| DATA SHOWN |
********

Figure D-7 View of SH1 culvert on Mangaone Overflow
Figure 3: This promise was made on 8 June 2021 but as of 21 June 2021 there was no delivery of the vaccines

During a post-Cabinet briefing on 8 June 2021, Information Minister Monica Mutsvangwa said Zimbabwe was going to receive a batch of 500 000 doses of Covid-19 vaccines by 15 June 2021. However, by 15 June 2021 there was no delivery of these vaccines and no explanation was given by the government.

********

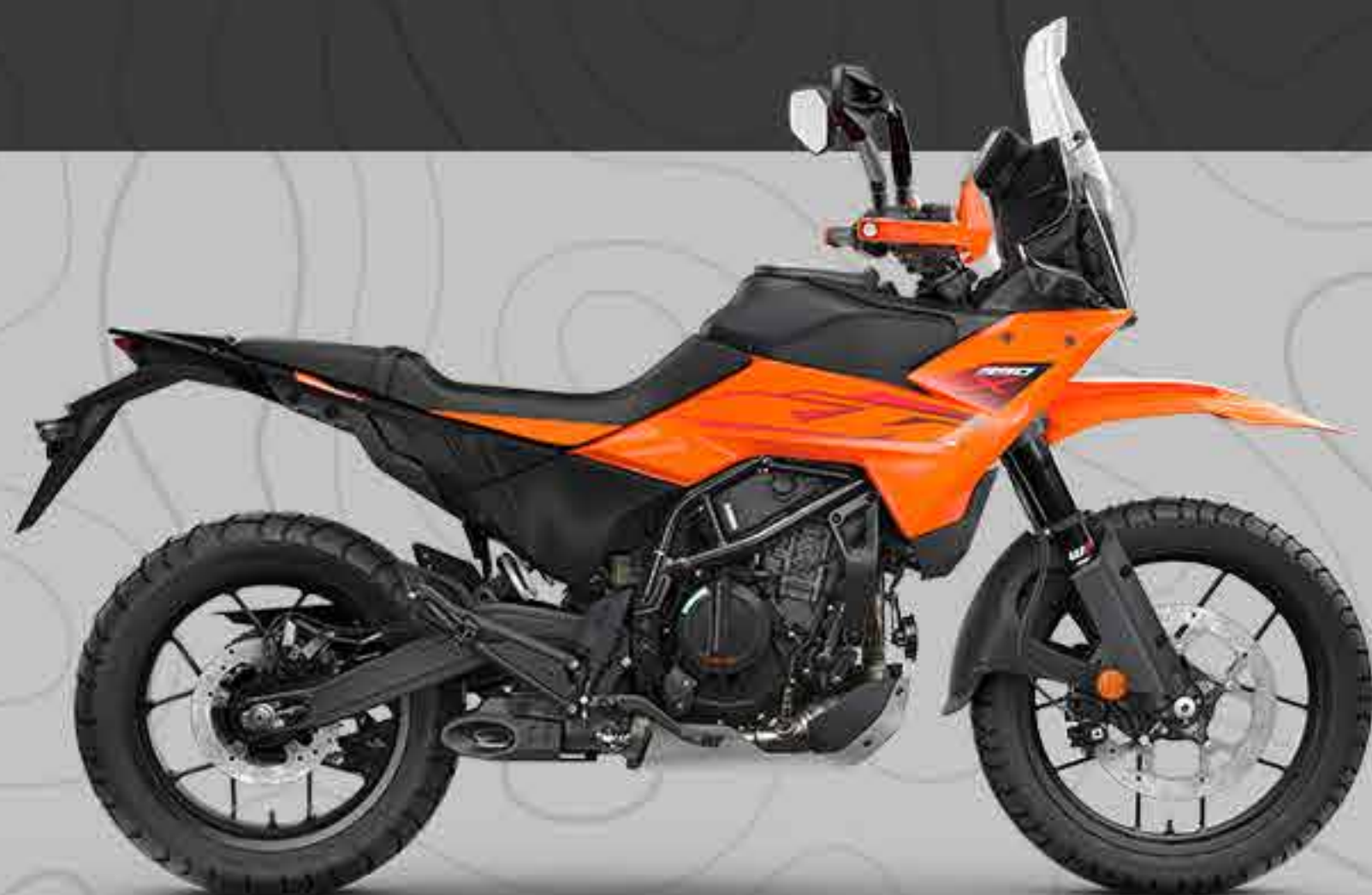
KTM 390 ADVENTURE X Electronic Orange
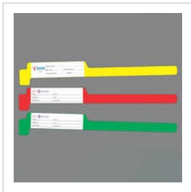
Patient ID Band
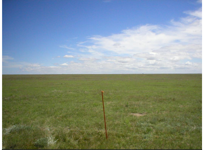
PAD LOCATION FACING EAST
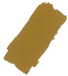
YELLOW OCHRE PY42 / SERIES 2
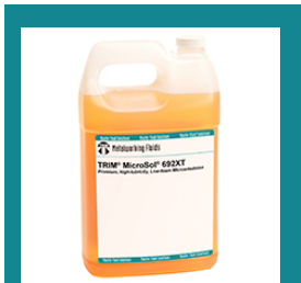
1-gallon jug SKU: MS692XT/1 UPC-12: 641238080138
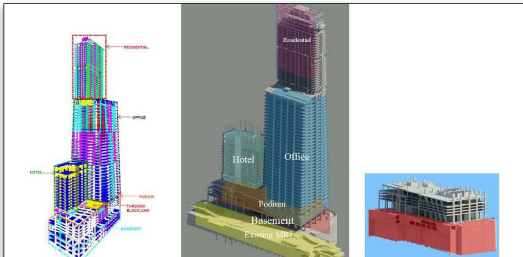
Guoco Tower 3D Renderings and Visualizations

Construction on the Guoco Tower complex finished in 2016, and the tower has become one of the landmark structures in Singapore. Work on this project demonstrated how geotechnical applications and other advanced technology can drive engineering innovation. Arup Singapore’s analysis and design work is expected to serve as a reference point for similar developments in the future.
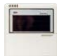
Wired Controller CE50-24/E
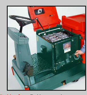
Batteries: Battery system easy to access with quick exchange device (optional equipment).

********

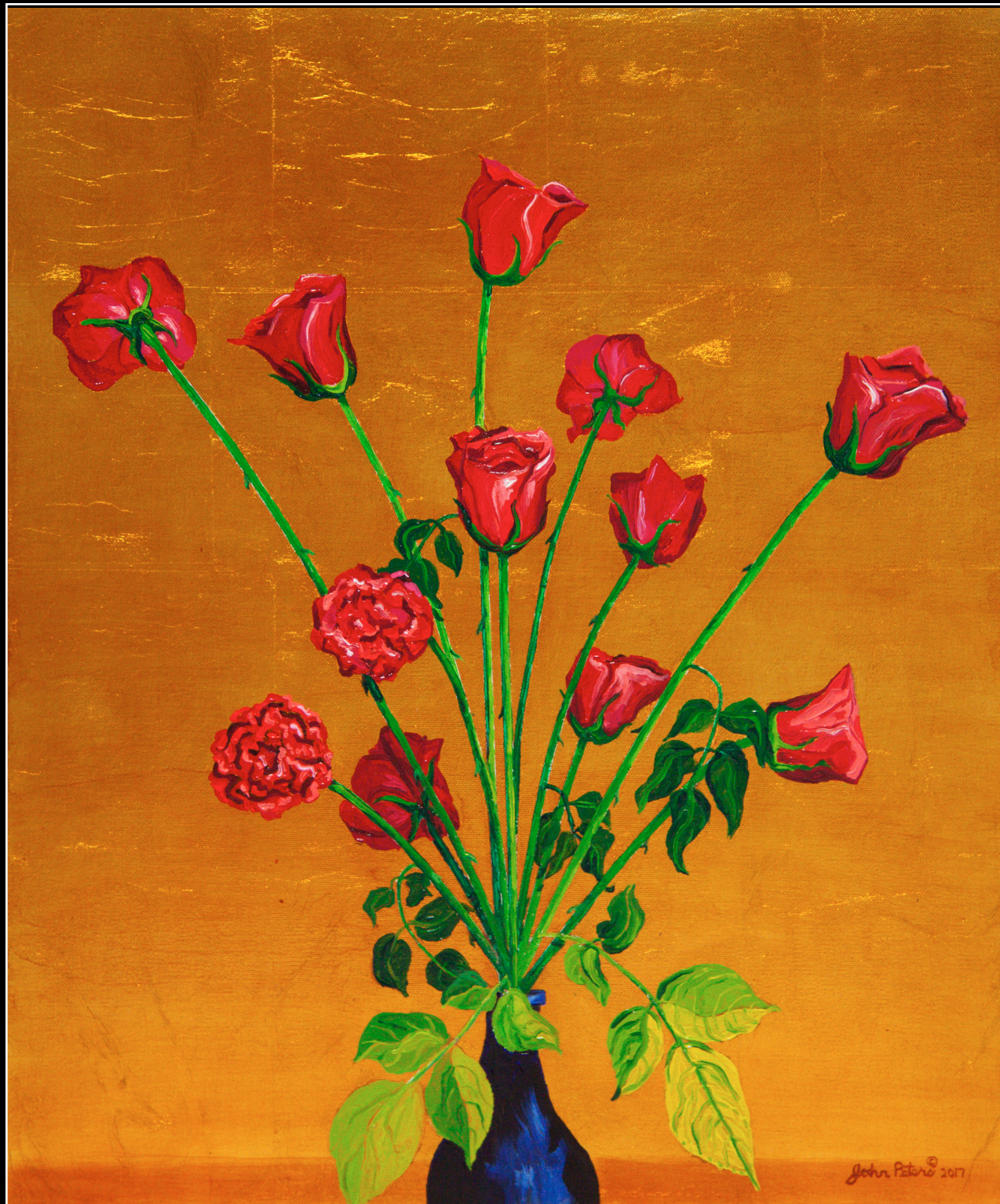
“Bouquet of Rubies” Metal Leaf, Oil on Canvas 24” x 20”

********

| ACTIVITY |
Check each line of the records for the string "Figure" and copy those that have it.

| SOLUTION FOR THIS EXERCISE |
Figure D-7 View of SH1 culvert on Mangaone Overflow
Figure 3: This promise was made on 8 June 2021 but as of 21 June 2021 there was no delivery of the vaccines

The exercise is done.